__Directions for this task__
Reproduce, character for character, the lines below from the first through the one with "Embrace life's chaos". Leave pictures out.

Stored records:

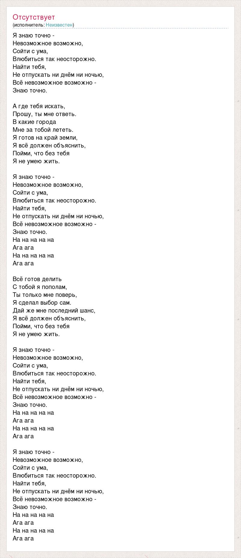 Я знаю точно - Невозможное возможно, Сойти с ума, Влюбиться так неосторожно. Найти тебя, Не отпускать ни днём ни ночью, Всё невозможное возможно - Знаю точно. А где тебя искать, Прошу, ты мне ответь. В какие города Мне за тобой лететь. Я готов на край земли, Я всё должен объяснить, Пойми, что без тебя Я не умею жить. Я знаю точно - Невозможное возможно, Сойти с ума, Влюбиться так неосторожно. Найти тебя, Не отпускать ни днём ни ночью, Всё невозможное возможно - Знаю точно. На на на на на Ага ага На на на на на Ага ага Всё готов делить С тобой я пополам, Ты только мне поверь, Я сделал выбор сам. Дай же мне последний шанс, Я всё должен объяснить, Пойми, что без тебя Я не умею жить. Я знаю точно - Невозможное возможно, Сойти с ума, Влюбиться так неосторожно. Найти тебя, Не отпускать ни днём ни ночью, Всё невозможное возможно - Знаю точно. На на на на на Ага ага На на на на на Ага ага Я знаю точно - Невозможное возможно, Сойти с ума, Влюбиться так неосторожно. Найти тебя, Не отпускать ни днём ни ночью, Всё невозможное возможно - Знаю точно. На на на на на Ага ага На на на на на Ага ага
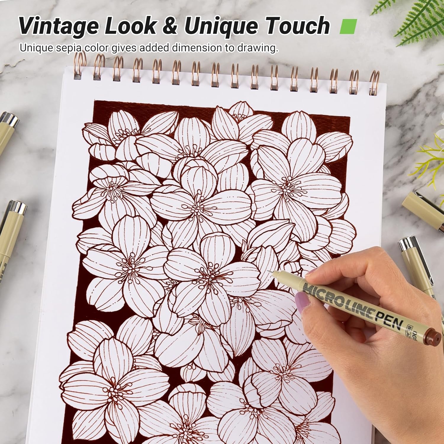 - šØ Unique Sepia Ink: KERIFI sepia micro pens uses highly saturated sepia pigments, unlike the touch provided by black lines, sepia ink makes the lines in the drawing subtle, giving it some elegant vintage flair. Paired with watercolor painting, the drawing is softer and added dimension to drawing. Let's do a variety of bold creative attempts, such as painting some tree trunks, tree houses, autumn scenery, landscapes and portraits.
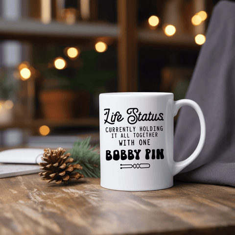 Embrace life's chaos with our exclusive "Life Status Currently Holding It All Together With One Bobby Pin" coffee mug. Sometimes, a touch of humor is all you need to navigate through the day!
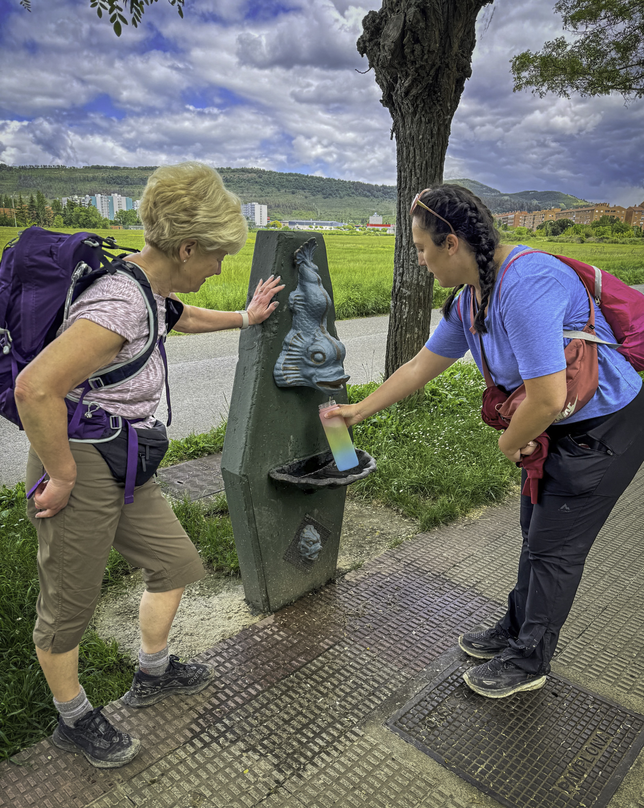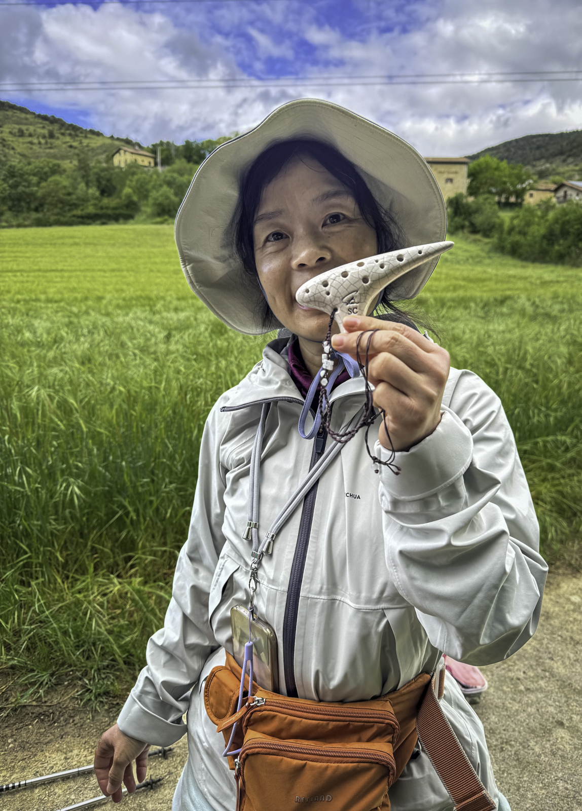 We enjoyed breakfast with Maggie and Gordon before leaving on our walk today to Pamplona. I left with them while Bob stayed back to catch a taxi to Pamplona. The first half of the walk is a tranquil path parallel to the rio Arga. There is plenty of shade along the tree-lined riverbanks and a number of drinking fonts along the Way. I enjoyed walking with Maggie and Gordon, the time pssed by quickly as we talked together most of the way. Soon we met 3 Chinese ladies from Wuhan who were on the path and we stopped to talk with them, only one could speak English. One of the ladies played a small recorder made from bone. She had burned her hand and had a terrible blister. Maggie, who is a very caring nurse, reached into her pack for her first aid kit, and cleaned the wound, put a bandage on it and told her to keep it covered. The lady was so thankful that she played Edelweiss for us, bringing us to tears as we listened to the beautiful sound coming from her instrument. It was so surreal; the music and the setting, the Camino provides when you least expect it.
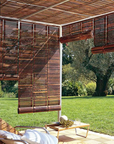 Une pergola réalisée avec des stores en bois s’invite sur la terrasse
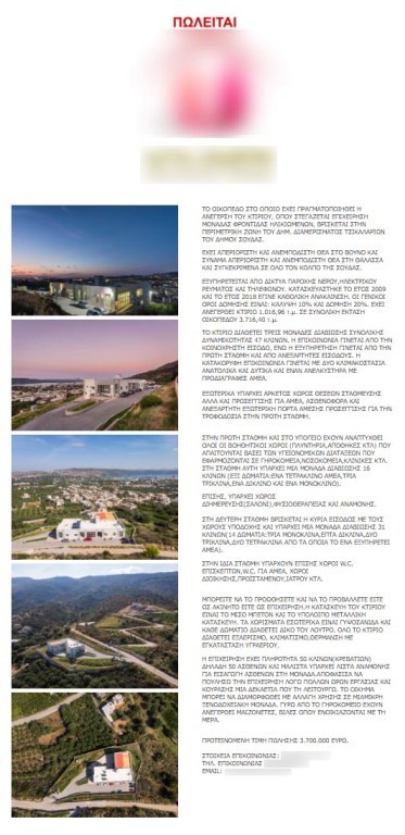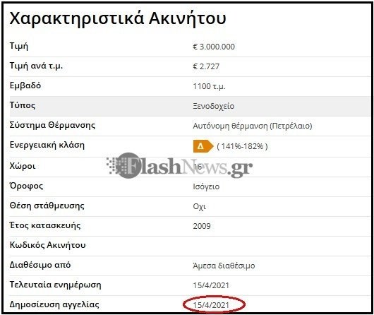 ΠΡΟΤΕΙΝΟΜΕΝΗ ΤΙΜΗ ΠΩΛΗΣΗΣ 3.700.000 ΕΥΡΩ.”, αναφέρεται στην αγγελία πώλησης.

__Result__
 Я знаю точно - Невозможное возможно, Сойти с ума, Влюбиться так неосторожно. Найти тебя, Не отпускать ни днём ни ночью, Всё невозможное возможно - Знаю точно. А где тебя искать, Прошу, ты мне ответь. В какие города Мне за тобой лететь. Я готов на край земли, Я всё должен объяснить, Пойми, что без тебя Я не умею жить. Я знаю точно - Невозможное возможно, Сойти с ума, Влюбиться так неосторожно. Найти тебя, Не отпускать ни днём ни ночью, Всё невозможное возможно - Знаю точно. На на на на на Ага ага На на на на на Ага ага Всё готов делить С тобой я пополам, Ты только мне поверь, Я сделал выбор сам. Дай же мне последний шанс, Я всё должен объяснить, Пойми, что без тебя Я не умею жить. Я знаю точно - Невозможное возможно, Сойти с ума, Влюбиться так неосторожно. Найти тебя, Не отпускать ни днём ни ночью, Всё невозможное возможно - Знаю точно. На на на на на Ага ага На на на на на Ага ага Я знаю точно - Невозможное возможно, Сойти с ума, Влюбиться так неосторожно. Найти тебя, Не отпускать ни днём ни ночью, Всё невозможное возможно - Знаю точно. На на на на на Ага ага На на на на на Ага ага
 - šØ Unique Sepia Ink: KERIFI sepia micro pens uses highly saturated sepia pigments, unlike the touch provided by black lines, sepia ink makes the lines in the drawing subtle, giving it some elegant vintage flair. Paired with watercolor painting, the drawing is softer and added dimension to drawing. Let's do a variety of bold creative attempts, such as painting some tree trunks, tree houses, autumn scenery, landscapes and portraits.
 Embrace life's chaos with our exclusive "Life Status Currently Holding It All Together With One Bobby Pin" coffee mug. Sometimes, a touch of humor is all you need to navigate through the day!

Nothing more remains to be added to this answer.